5.4 Analyzing DCCNN model
Improved speech spectrograms achieved from the proposed deep complex network were investigated using a case study of test class utterance in traffic noise at varied dB SNR circumstances in order to investigate more the root causes of the quality gains that have been noticed using the suggested deep complex network. The spectrograms for clean speech signal \(\text{s}(\text{t})\) along with its corresponding noisy speech signal \(\text{x}(\text{t})\), and denoised speech signal \(\widehat{\text{s}}\left(\text{t}\right)\) are present in Fig. 4.

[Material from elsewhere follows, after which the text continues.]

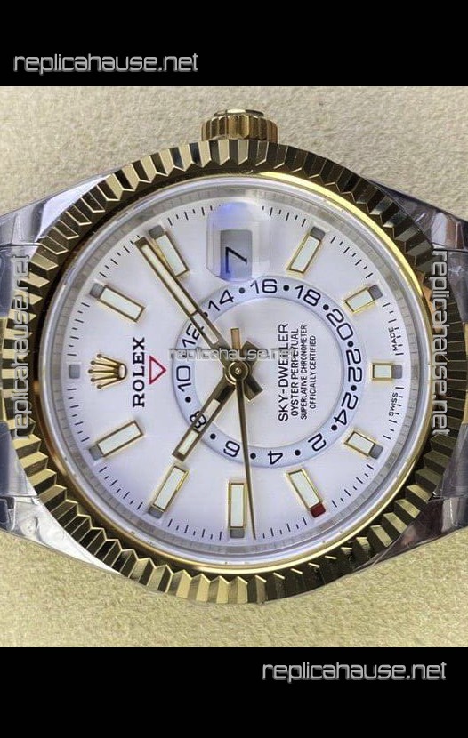 Rolex Sky-Dweller REF# M336933 White Dial Watch in Yellow Gold 904L Steel Case 1:1 Mirror Replica

When examining the outputs, the spectrogram enrichment demonstrates how much greater noise reduction is made possible when using Deep Complex Convolutional Neural Networks (DCCNN) with current model complexity. Owing to intricate spectrogram processing, which improved the parallel noisy signal's phase and magnitude and assisted in reconstructing improved audio signals. Additionally, by means of its skip connection, the suggested encoder and decoder architecture directly utilize high-resolution speech data intrinsic to the noise characteristics, which can also help with a more thorough reconstruction. This demonstrates that our recently suggested approach may accomplish similar speech restoring and noise reduction characteristics with far lower model parameters and computing resource consumption.
6 Conclusion
In this paper, we introduced a Deep Complex Convolutional Neural Network (DCCNN) which is a Speech Enhancement (SE) architecture using an encoder-decoder structure, with network arrangement specifically selected for the tasks of reducing noise and realistic sound speech restoration. DCCNN supervised model employing a complex network for complex-valued spectra mapping. The proposed model takes complex-valued input from the spectrograms of the noisy speech signals, consisting of real and imaginary components incorporating complex spectral mapping, which simultaneously perform enhancement of magnitude and phase dynamics of speech signals. The encoder encodes noisy magnitude and phase spectra, and the corresponding magnitude mask decoder and phase decoder decode out the enhanced magnitude and phase spectrums, respectively. The direct improvement of phase spectra to enhance PESQ and STOI of speech signals was the primary innovation of the DCCNN. In contrast against the baselines, we find an incredible enhancement of over 3 dB in SNR, 0.2 in STOI, and 0.5 in PESQ. In addition, our method outperforms baseline SE techniques in low-SNR conditions in terms of STOI. Moreover, it consistently surpasses all reference approaches and improves intelligibility in low-SNR environments. In future this proposed deep learning model can be evaluated by different datasets and can integrate alongside other deep learning models to gain better MOS points in terms of PESQ and SNRI.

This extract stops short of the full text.